* DATA PROVIDED
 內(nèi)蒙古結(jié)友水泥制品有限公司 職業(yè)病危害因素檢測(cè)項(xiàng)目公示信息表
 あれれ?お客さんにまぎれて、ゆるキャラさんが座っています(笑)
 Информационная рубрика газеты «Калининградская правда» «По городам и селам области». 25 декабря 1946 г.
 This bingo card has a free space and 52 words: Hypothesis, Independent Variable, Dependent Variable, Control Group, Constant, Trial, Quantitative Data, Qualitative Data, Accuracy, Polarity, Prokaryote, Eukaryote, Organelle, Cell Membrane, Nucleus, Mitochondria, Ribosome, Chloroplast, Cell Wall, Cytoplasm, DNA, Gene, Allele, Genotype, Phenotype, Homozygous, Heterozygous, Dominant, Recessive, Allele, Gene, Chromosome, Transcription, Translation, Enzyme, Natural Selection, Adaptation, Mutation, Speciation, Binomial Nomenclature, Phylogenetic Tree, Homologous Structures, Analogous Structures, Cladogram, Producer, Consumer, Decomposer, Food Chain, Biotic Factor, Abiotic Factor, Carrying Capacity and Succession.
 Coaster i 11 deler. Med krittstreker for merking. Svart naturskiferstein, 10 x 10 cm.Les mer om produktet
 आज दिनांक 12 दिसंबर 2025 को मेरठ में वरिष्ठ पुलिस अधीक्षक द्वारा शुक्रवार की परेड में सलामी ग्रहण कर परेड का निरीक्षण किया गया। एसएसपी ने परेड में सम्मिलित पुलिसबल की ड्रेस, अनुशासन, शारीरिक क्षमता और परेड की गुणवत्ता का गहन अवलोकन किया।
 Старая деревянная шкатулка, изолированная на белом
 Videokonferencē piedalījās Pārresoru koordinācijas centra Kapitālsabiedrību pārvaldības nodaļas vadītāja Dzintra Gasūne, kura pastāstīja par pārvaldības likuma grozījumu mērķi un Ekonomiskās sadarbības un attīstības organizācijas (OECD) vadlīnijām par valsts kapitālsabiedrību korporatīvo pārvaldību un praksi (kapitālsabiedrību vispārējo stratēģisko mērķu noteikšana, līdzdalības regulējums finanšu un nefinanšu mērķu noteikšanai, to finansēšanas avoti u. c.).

* WORK TO COMPLETE
Exactly as written, reproduce the lines of the data above from the first line through the line where "Старая деревянная шкатулка, изолированная" appears.

* ANSWER TO THE EXERCISE
 內(nèi)蒙古結(jié)友水泥制品有限公司 職業(yè)病危害因素檢測(cè)項(xiàng)目公示信息表
 あれれ?お客さんにまぎれて、ゆるキャラさんが座っています(笑)
 Информационная рубрика газеты «Калининградская правда» «По городам и селам области». 25 декабря 1946 г.
 This bingo card has a free space and 52 words: Hypothesis, Independent Variable, Dependent Variable, Control Group, Constant, Trial, Quantitative Data, Qualitative Data, Accuracy, Polarity, Prokaryote, Eukaryote, Organelle, Cell Membrane, Nucleus, Mitochondria, Ribosome, Chloroplast, Cell Wall, Cytoplasm, DNA, Gene, Allele, Genotype, Phenotype, Homozygous, Heterozygous, Dominant, Recessive, Allele, Gene, Chromosome, Transcription, Translation, Enzyme, Natural Selection, Adaptation, Mutation, Speciation, Binomial Nomenclature, Phylogenetic Tree, Homologous Structures, Analogous Structures, Cladogram, Producer, Consumer, Decomposer, Food Chain, Biotic Factor, Abiotic Factor, Carrying Capacity and Succession.
 Coaster i 11 deler. Med krittstreker for merking. Svart naturskiferstein, 10 x 10 cm.Les mer om produktet
 आज दिनांक 12 दिसंबर 2025 को मेरठ में वरिष्ठ पुलिस अधीक्षक द्वारा शुक्रवार की परेड में सलामी ग्रहण कर परेड का निरीक्षण किया गया। एसएसपी ने परेड में सम्मिलित पुलिसबल की ड्रेस, अनुशासन, शारीरिक क्षमता और परेड की गुणवत्ता का गहन अवलोकन किया।
 Старая деревянная шкатулка, изолированная на белом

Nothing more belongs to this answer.